> Dataset section
┄┄┄┄┄┄┄┄┄┄
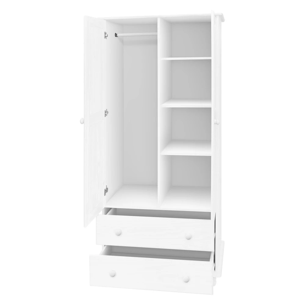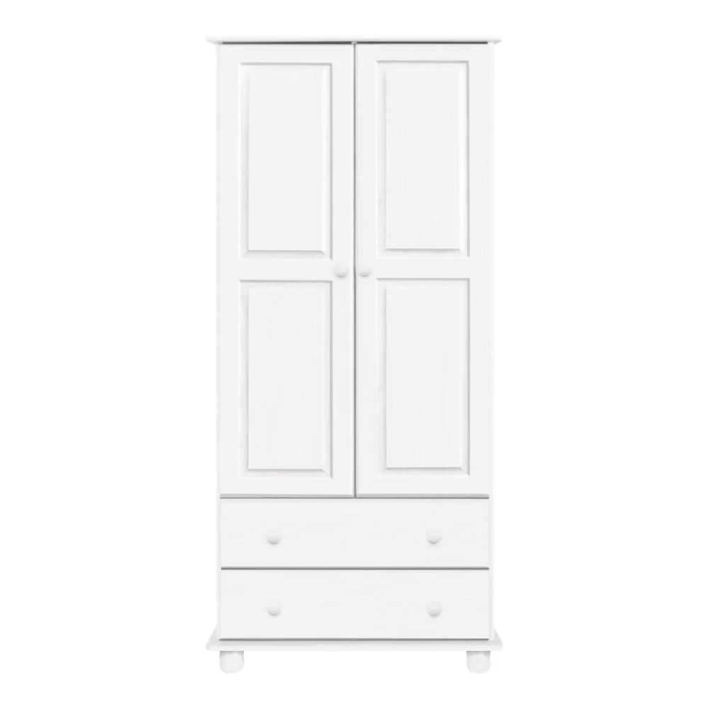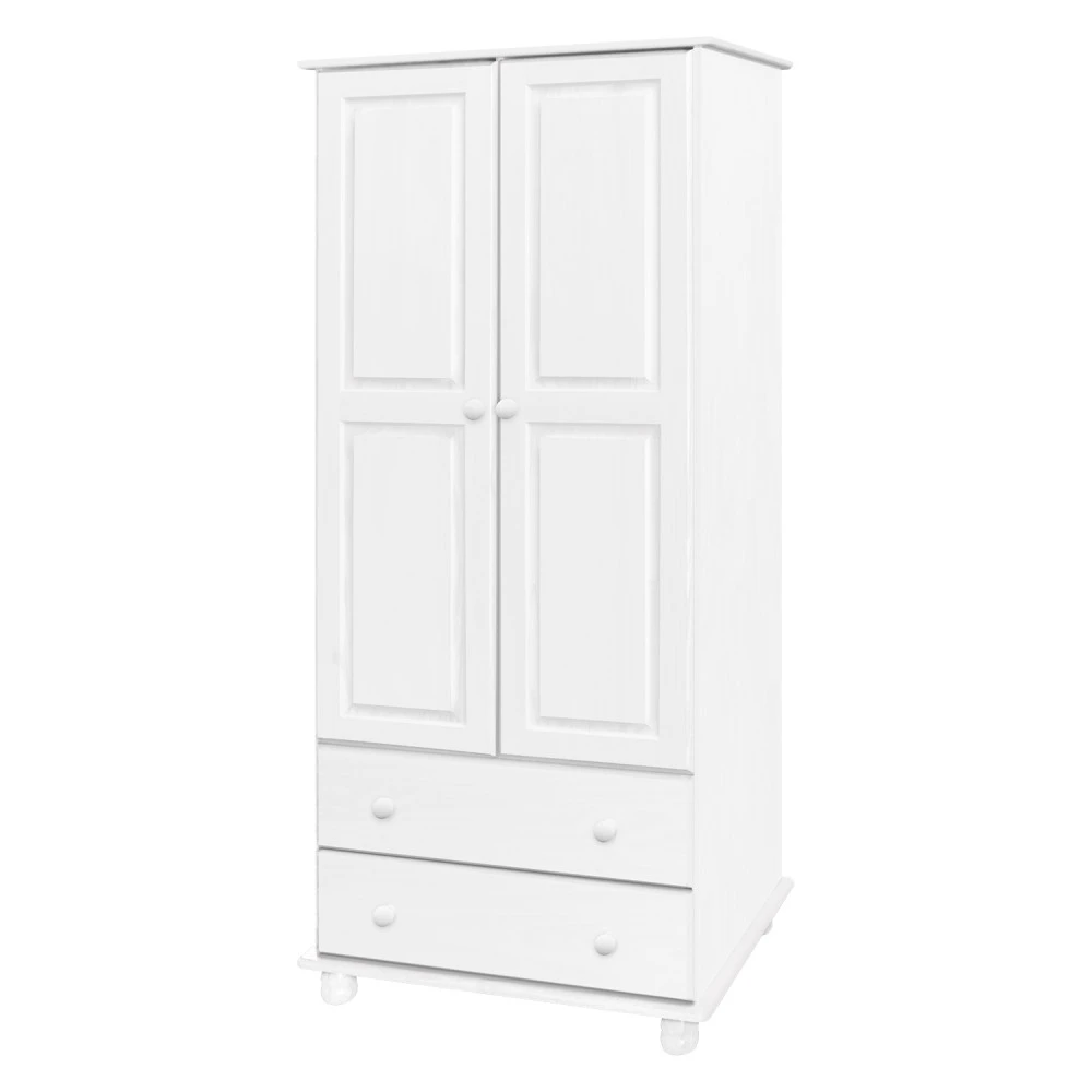 materiál masiv borovice, barevné provedení bílý lak dvě široké zásuvky s kovovými pojezdy v horní části šatní tyč a 3 police doporučený nástavec 8861B
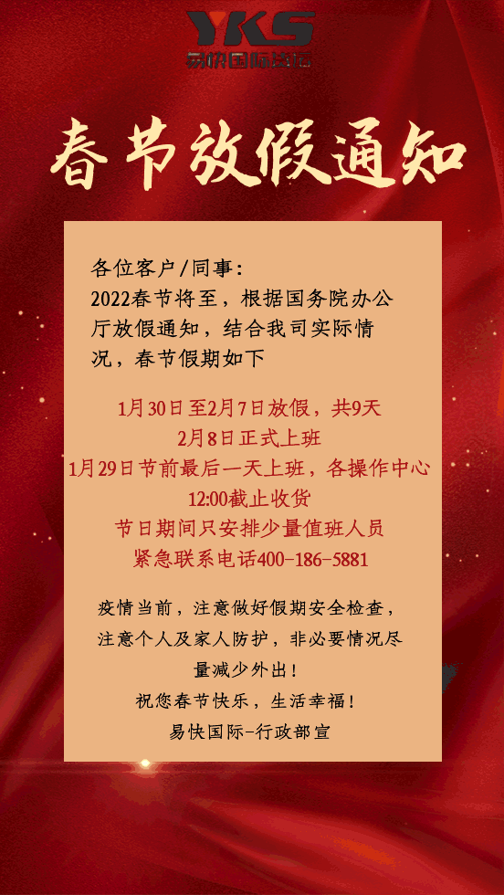 因春节放假,如果给您带来不便,敬请谅解!希望您在新的一年里继续支持YKS易快国际货运,愿我们的合作更加紧密,愿我们的事业更加辉煌!
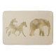 Esta esteira de banho mostra uma cena africana original: duas zebras à esquerda de um elefante.
┄┄┄┄┄┄┄┄┄┄
> To do
Return the data above in its exact wording, with none of the pictures.

> Answer space
 materiál masiv borovice, barevné provedení bílý lak dvě široké zásuvky s kovovými pojezdy v horní části šatní tyč a 3 police doporučený nástavec 8861B
 因春节放假,如果给您带来不便,敬请谅解!希望您在新的一年里继续支持YKS易快国际货运,愿我们的合作更加紧密,愿我们的事业更加辉煌!
 Esta esteira de banho mostra uma cena africana original: duas zebras à esquerda de um elefante.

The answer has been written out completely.